DATA:
-=-=-

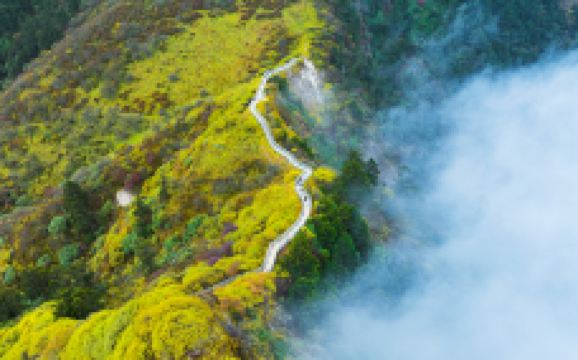 在鸳鸯池接待中心乘坐接驳车,抵达映雪湖畔的索道站,乘坐观景索道可抵达3200多米的日月坪。沿着山间步道前行,赏玩山顶风光的同时,游玩野牛道、红石堡、红石尖、白沙岗和阴阳界。其中阴阳界山岭的两侧具有完全不同的风光:一边是阳光明媚,一边则是云雾迷茫。此外,日月坪也是观赏西岭雪山云海的地点。
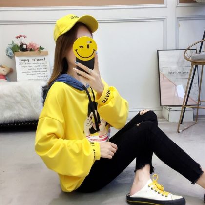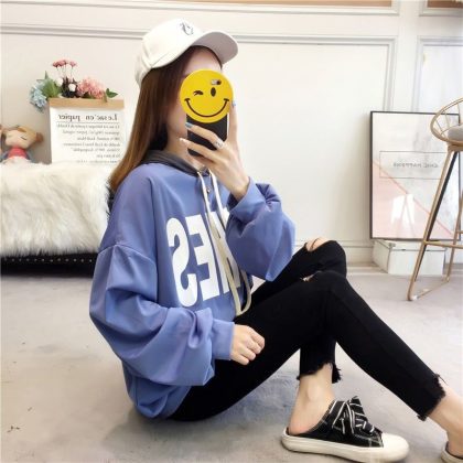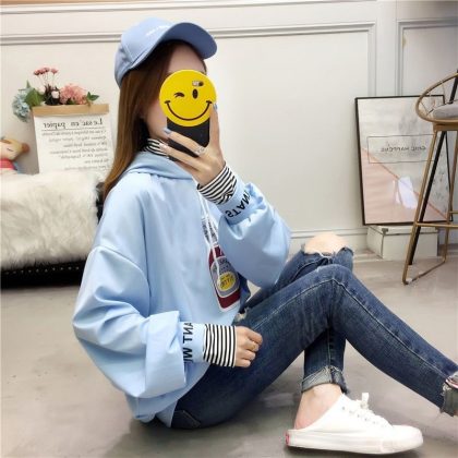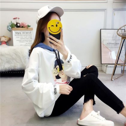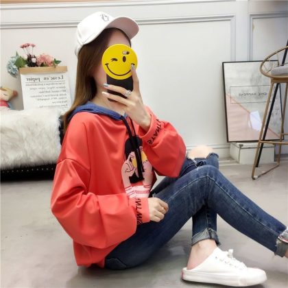 Harajuku نمط البلوز المرأة 2022 الربيع والخريف جديد الكورية فضفاض مقنعين طالب ملابس مطبوعة معطف قصير فتاة السمين
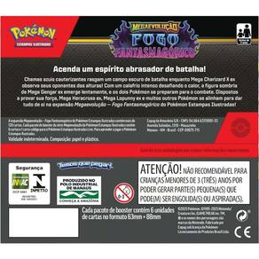 A expansão Megaevolução - Fogo Fantasmagorico do Pokémon Estampas Ilustradas contém mais de 120 Cartas. Cada pacote da série Megaevolução do Pokémon Estampas Ilustradas contém 6 cartas e 1 carta-código para o Pokémon Estampas Ilustradas Live.

-=-=-

REQUIRED ACTION:
With the pictures excluded, retype exactly the lines from the one containing "Harajuku نمط البلوز" through the last line of the listing, both ends included.

FINAL ANSWER:
 Harajuku نمط البلوز المرأة 2022 الربيع والخريف جديد الكورية فضفاض مقنعين طالب ملابس مطبوعة معطف قصير فتاة السمين
 A expansão Megaevolução - Fogo Fantasmagorico do Pokémon Estampas Ilustradas contém mais de 120 Cartas. Cada pacote da série Megaevolução do Pokémon Estampas Ilustradas contém 6 cartas e 1 carta-código para o Pokémon Estampas Ilustradas Live.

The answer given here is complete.